"You've got no right to ask me that, sir, and you know it. What's more, I'll have to warn you both -"

"- to keep our mouths shut! You needn't trouble!"

"But the knife!" Mathilda said. "I never saw it! What could he have done with that?"

"Easy enough to have concealed it from you!" Stephen said. "Up his sleeve, or even flat against the inside of his arm, with the hilt held downwards in the palm of his hand. You'd never see it!" He turned to the Inspector. "Would it have been possible for my uncle to have walked upstairs after having been stabbed?"

"A doctor could answer that better than I can, sir."

"Nevertheless, that is what you suspect. What put you on to it?"

"When I've proved it to my satisfaction, sir, maybe I'll tell you. Until then, I'm asking you and Miss Clare to behave as though we hadn't had this highly illuminating interview."
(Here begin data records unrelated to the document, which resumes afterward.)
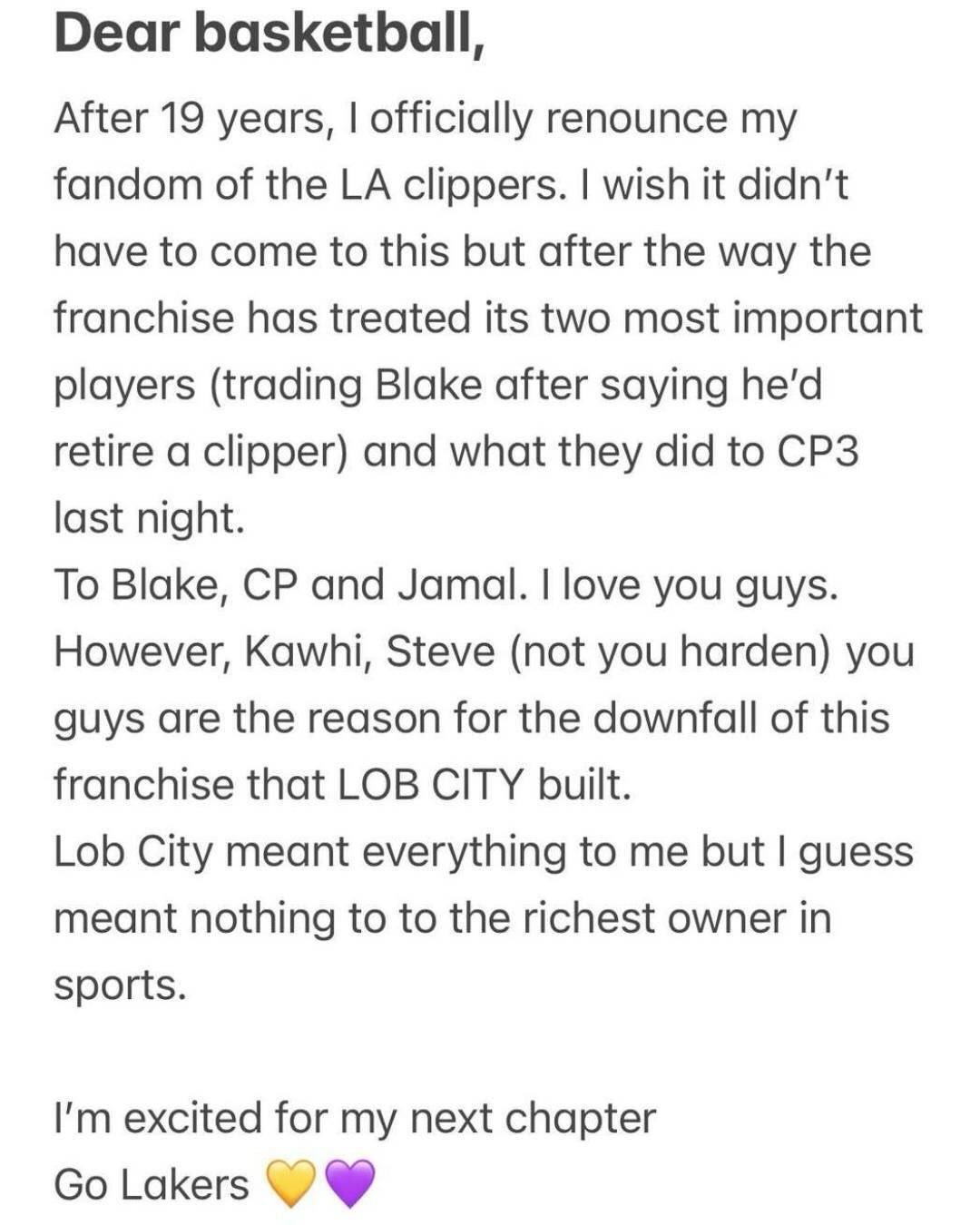 快船赶走了保罗,让一位叫Jimmy Reynolds的快船球迷伤透了心并选择成为了湖人球迷,喜欢快船19年的他在社交媒体上说:我正式宣布不再是这支球队的球迷。我本不希望事情发展到这一步,但在看到球队对待其两位最重要球员的方式后(比如在承诺格里芬会以快船球员身份退役后却将他交易),以及他们对保罗的做法,我别无选择。然而,伦纳德和鲍尔默(哈登不算),你们是导致这个由“空接之城”建立起来的球队走向衰落的原因。“空接之城”对我意义重大,但对这位体育界最富有的老板来说似乎毫无意义。我对接下来的新篇章感到兴奋,湖人加油 💛💜格里芬在他社媒下方评论道:“去寻找你的平静吧。”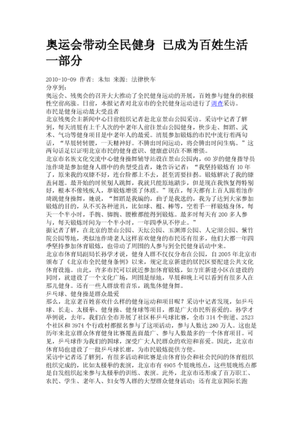奧運會帶動全民健身 已成為百姓生活一部分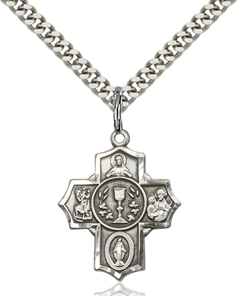 • Sterling Silver Millennium Crucifix Pendant, Stainless Silver Heavy Curb Chain
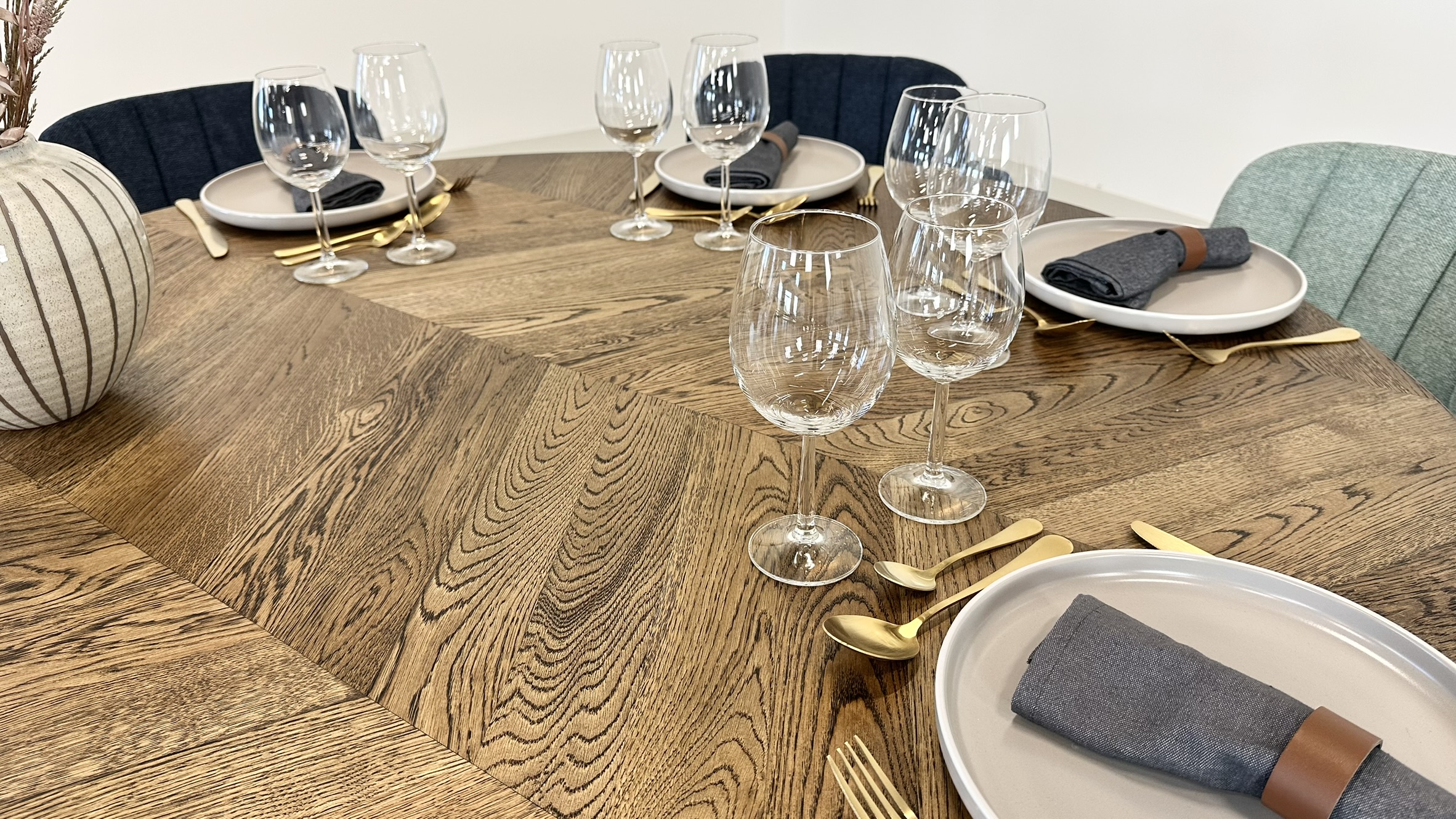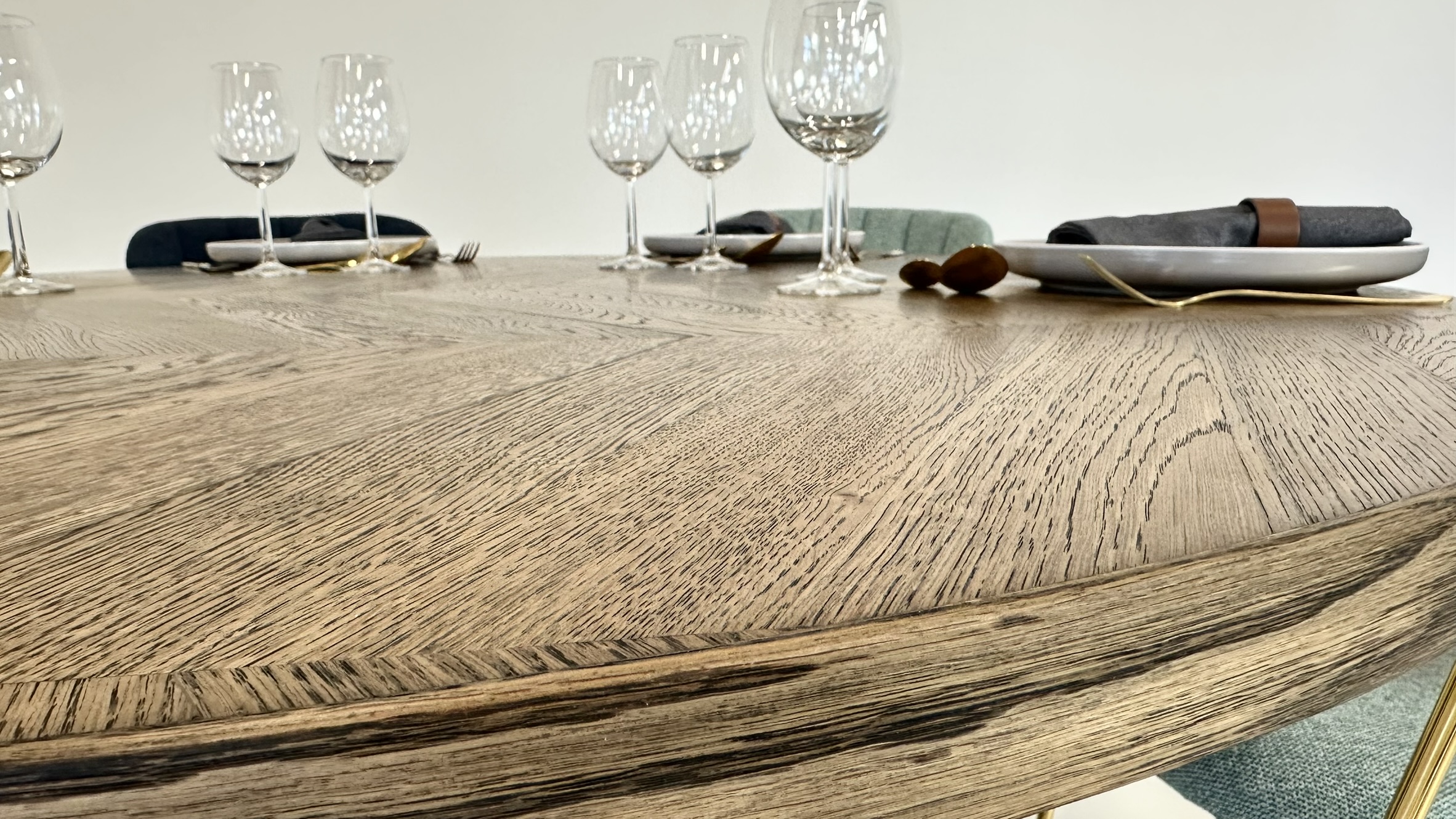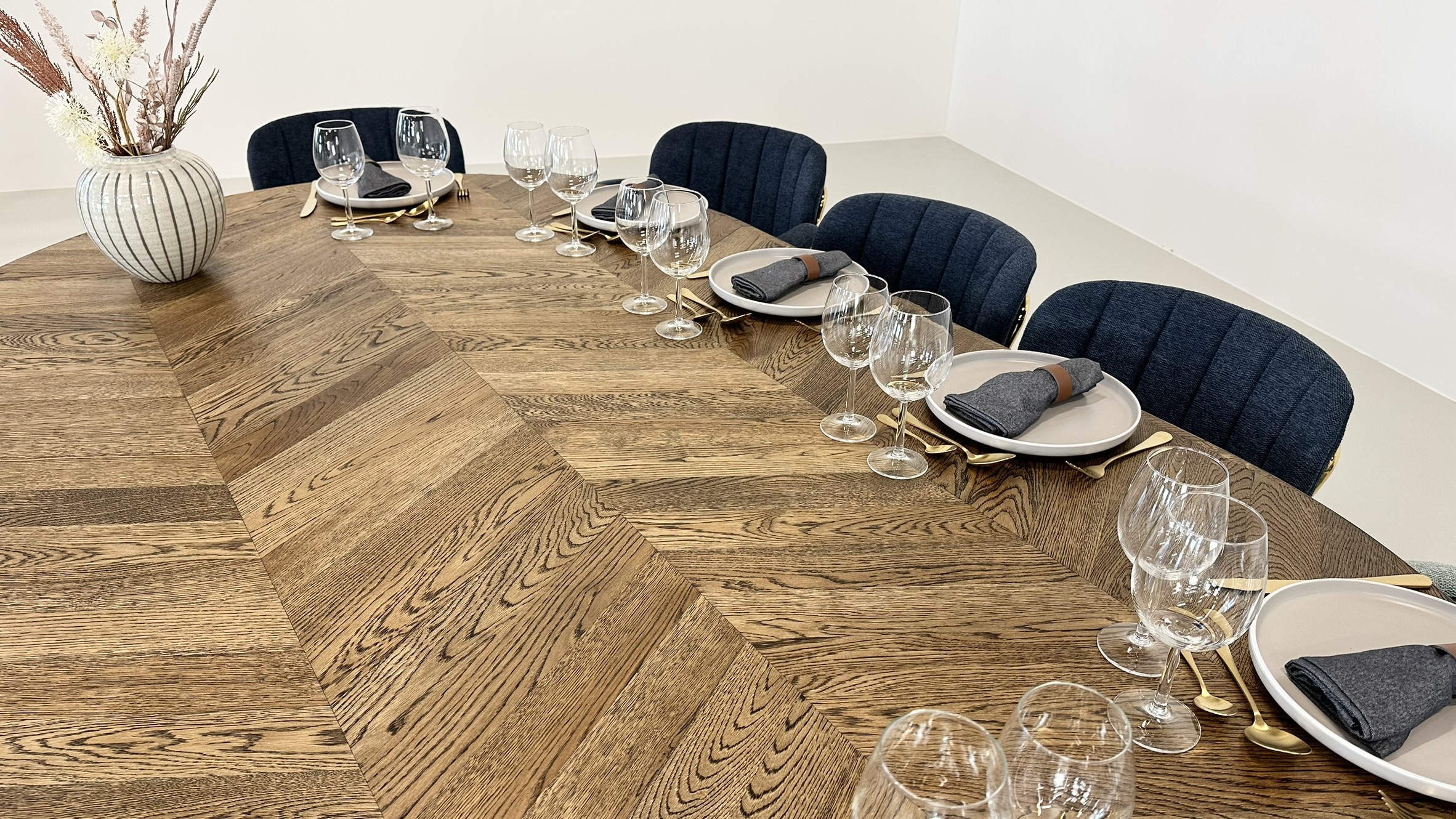 Bordet er fremstillet af 15 mm massive egetræsstave monteret på MDF plade, kendt for sin holdbarhed og naturlige skønhed. Overfladen prydes af et klassisk FRANSK sildebensmønster, hvor hver træstav er omhyggeligt udvalgt og placeret for at skabe en harmonisk og dynamisk struktur. Dette mønster tilføjer dybde og karakter til bordet, hvilket gør det til et centralt element i enhver spisestue.

"You needn't worry!" Stephen said, his eyes glittering. "Not for worlds would I do anything to impede the course of justice! Not - for - worlds!"

"I think," said Mathilda, rather shakily, "that I'll retire to my room with a headache. I don't feel like meeting Joseph, and I certainly couldn't act a part. I feel slightly sick."

"That's right, miss, you go upstairs," said Hemingway. "It's the best thing you could do."